An LPL spokesman declined to comment.
Fleischer paid all the deficiencies, and the IRS never considered any penalties against him.
“I don’t think people in your industry are doing anything below board here,” said Christian Kenefick, principal of accounting firm, Kenefick & Co. “I think most people thought they weren’t breaking any rules and that this was legitimate. I kind of think it is.”
“There’s nothing inherently bad about having the S corp or having the LLC,” Hamburger said. “What becomes a problem is when they try to use these entities as a way to recharacterize the income and pay less tax.”
The case also points to a confusing tax code, one that, perhaps, hasn’t evolved along with the securities industry.
Kenefick believes the Johnson test, in particular, is bad tax law. Upper level courts have rejected the test as overly rigid, and case law looks at all the facts and circumstances.
“I think this [S corp] arrangement could pass muster. I think the fact the judge used the Johnson test here, that just doomed Fleischer to failure. I don’t think it’s a good test.”
Advisors in similar situations shouldn’t necessarily be worried, he said.
“I just think that had this thing been better presented to the judge, you might have gotten a different result,” Kenefick said.
Kaplan, Fleischer’s lawyer, attributes the surprising decision to the court not fully understanding the industry.
“It seems to me that the court may have been a little confused with respect to the way the securities industry works and the unique way it works with respect to the relationship between a b/d and financial representatives, such as Ryan Fleischer,” said Kaplan.
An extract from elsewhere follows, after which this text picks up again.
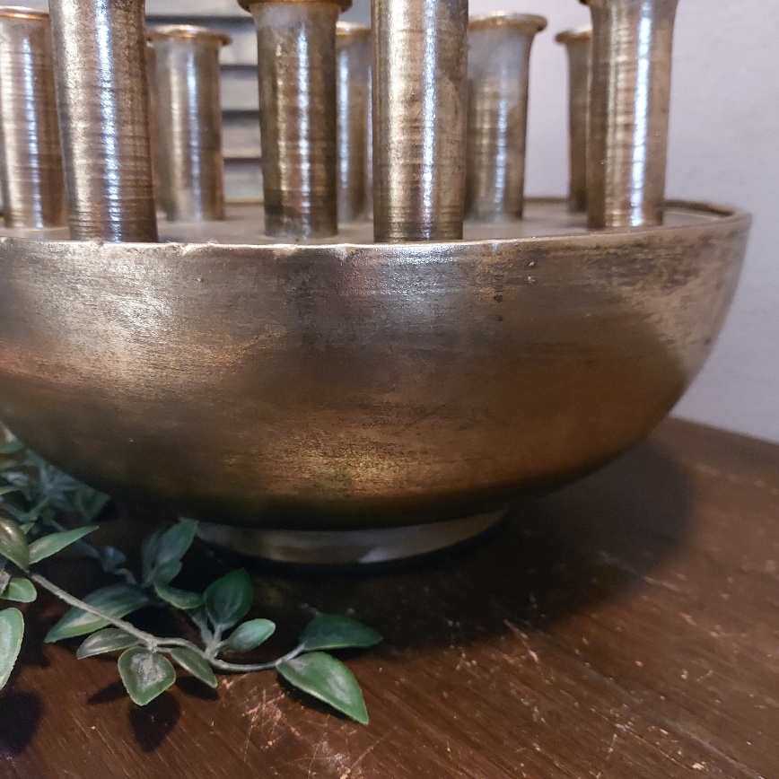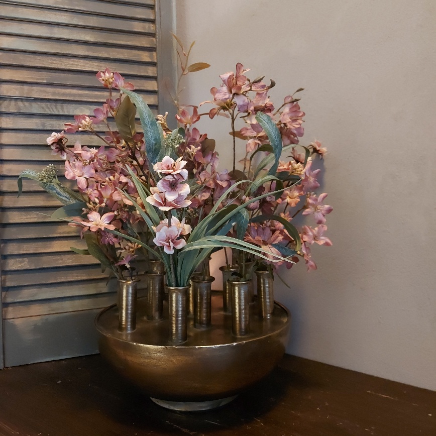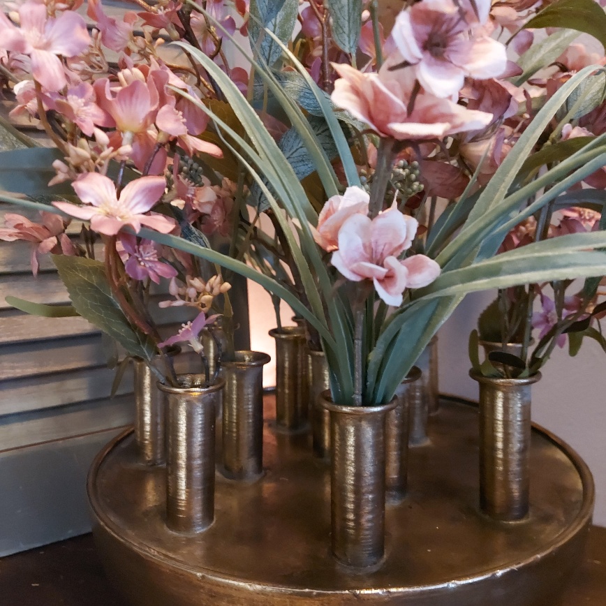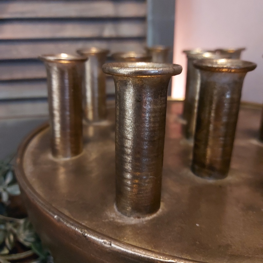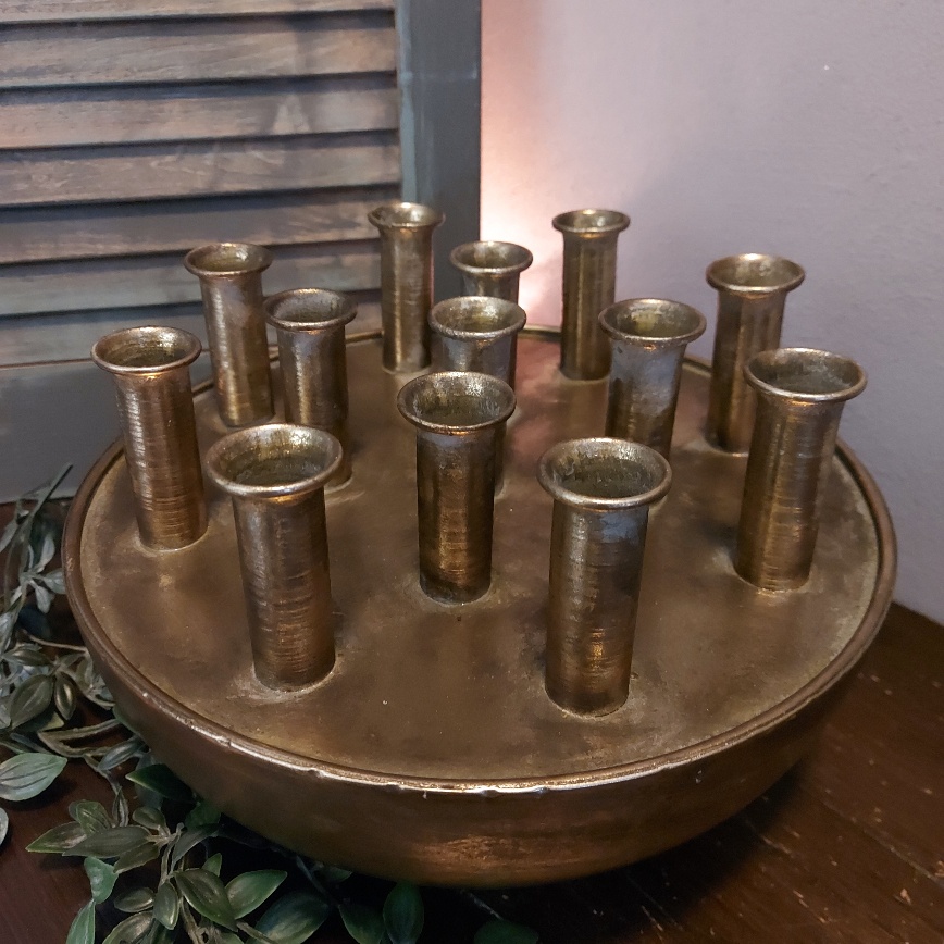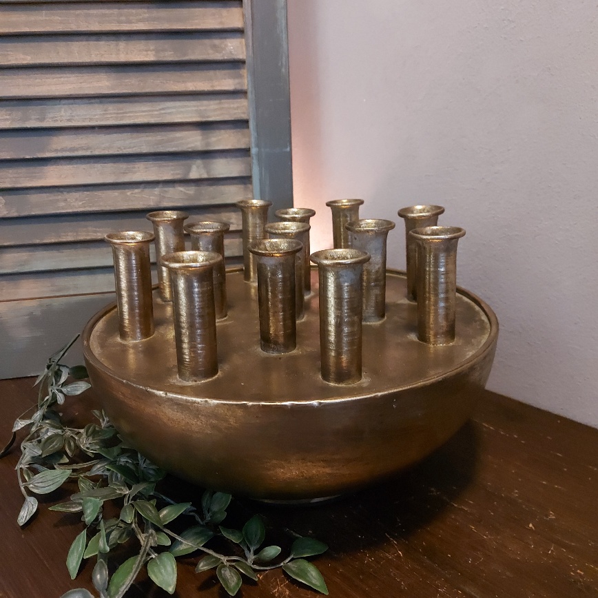 Maar liefst 13 openingen heeft de Countryfield tuitvaas Hendrika. Dit prachtige exemplaar is gemaakt van metaal en heeft een warme brons kleur. Dit model vaas staat ook wel bekend als tulpenvaas. Omdat de vaas is gemaakt van metaal is het beter om hem niet te vullen met water. Laat je fantasie de vrije loop en creëer een mooi boeket in deze bijzondere Countryfield vaas.

“They say, ‘Well we notice that Mr. Fleischer entered into this agreement with LPL, who was the b/d before the corporation was formed.’ Well, so what? Does that truly make any difference? Can it really be that simple that, ‘OK, I can get around this by forming the corporation first and by mentioning Fleischer Wealth Plan in the contract?’ That’s true form over substance," Kaplan said.
At the same time, independent reps are operating under different sets of laws and that can cause confusion.
“We have to operate under financial law, whether it be FINRA or the SEC or whatever the case may be,” Fleischer said. “But you also have to operate under IRS law as well. IRS law trumps everything.”
Despite the confusion, lawyers, CPAs and consultants agree that registered reps should think twice about structuring their business as an S corp, given Fleischer’s outcome.
“I don’t know why these registered reps are telling each other to do something that obviously does not work or is guaranteeing an audit,” said Chris Cooper, owner of Chris & Cooper & Co., a San Diego-based licensed professional fiduciary and former registered rep. “You are inviting the IRS to your office. This is just the beginning of a very big landslide.”